There are full and sparse zones. The thing that matters here is whether you specify a "-b" at your "create" in zonecfg. The man-page says about this "Use the -b to create a blank configuration. Without arguments, create applies the Sun default settings." Now you would expect that the default is to inherit nothing and therefore create a full zone. But it is the other way round. With the default come automatic inherits for /lib, /platform, /sbin and /usr. Because /bin is linked to /usr/bin, that one is also inherited from the global zone. Now by adding the "-b" when you create a zone, you don't have these inherits and therefore you'll get a full zone, which takes roughly two gigs per zone. I always end my zonecfg with the sequence "verify", "commit" and "info". The latter shows you clearly what your inherited packages are, even when you use the default.

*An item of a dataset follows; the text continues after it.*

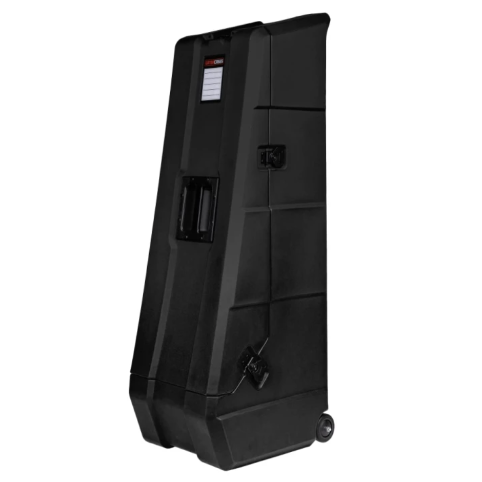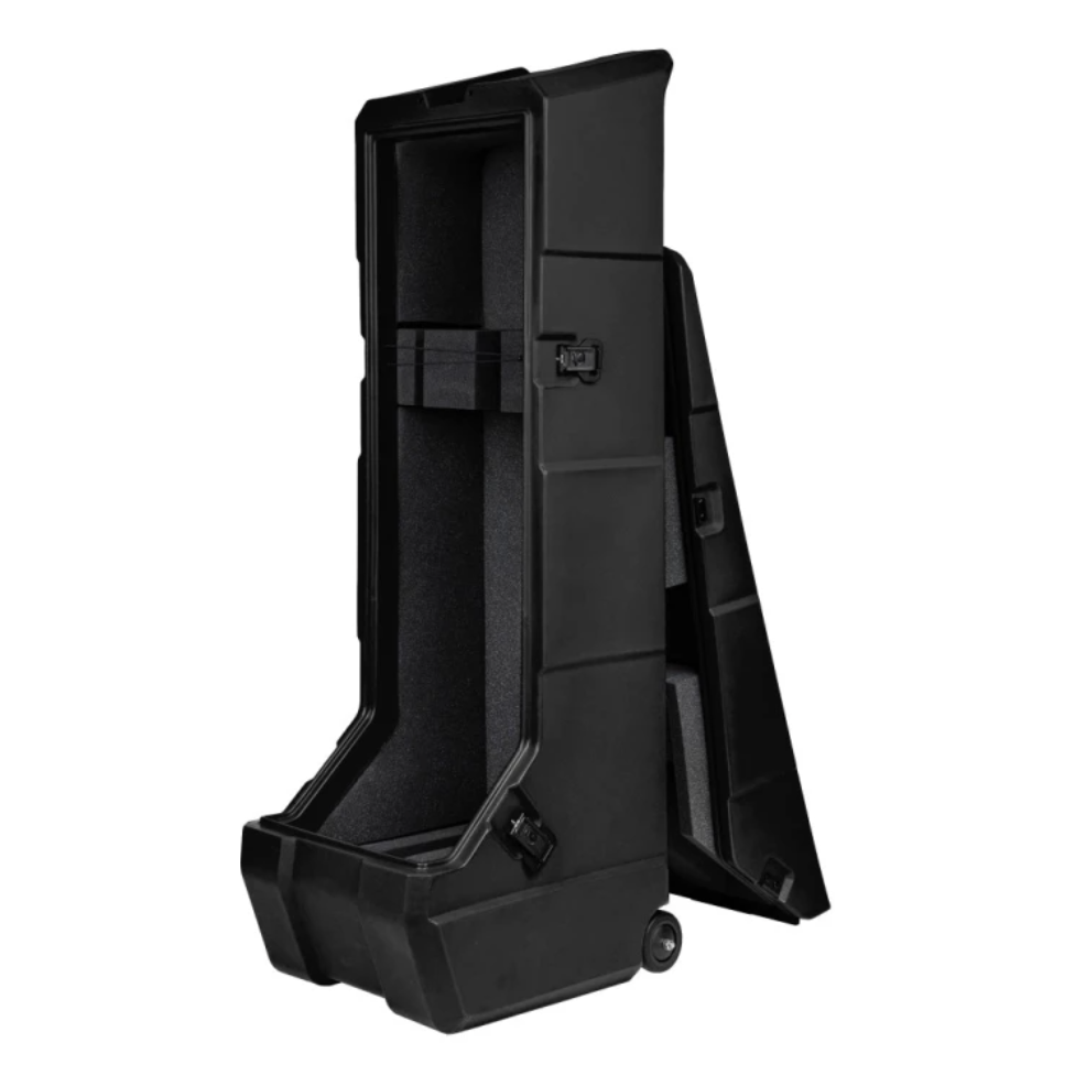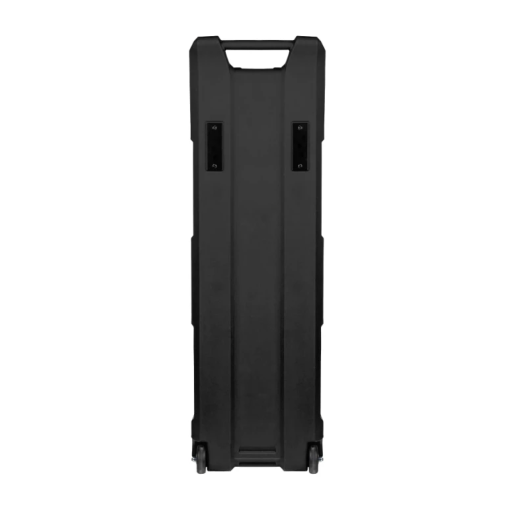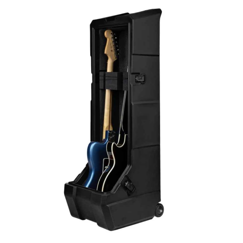 Кейс-стойка для двух электрогитар с колёсами. Модель сочетает функции транспортировочного кейса и сценической стойки, что делает её удобной для гастролей, репетиций и хранения инструментов.

Many READMEs and HOWTOs on Zones only mention 'zonecfg', 'zoneadm install', 'zoneadm boot' and then 'zlogin'. What is missing there is that the first time you do a 'zoneadm boot' all the services get initialized and the system needs to be network configured. So, before booting the zone for the first time, open another window and enter 'zlogin -C thezone'. This will open a console for that zone (close it with '~.'). When you now boot, you will see that first the services get initialized and then you have to answer the typical questions about network, naming service, locale, etc. At the end the zone will reboot and now you can straight away 'zlogin' into your zone.


Instead of doing 'zoneadm -z thezone reboot' from the global zone, you can just as well do a normal Solaris 'reboot' command from within the local zone. This makes even more sense when you are connected to the zones console ('zlogin -C').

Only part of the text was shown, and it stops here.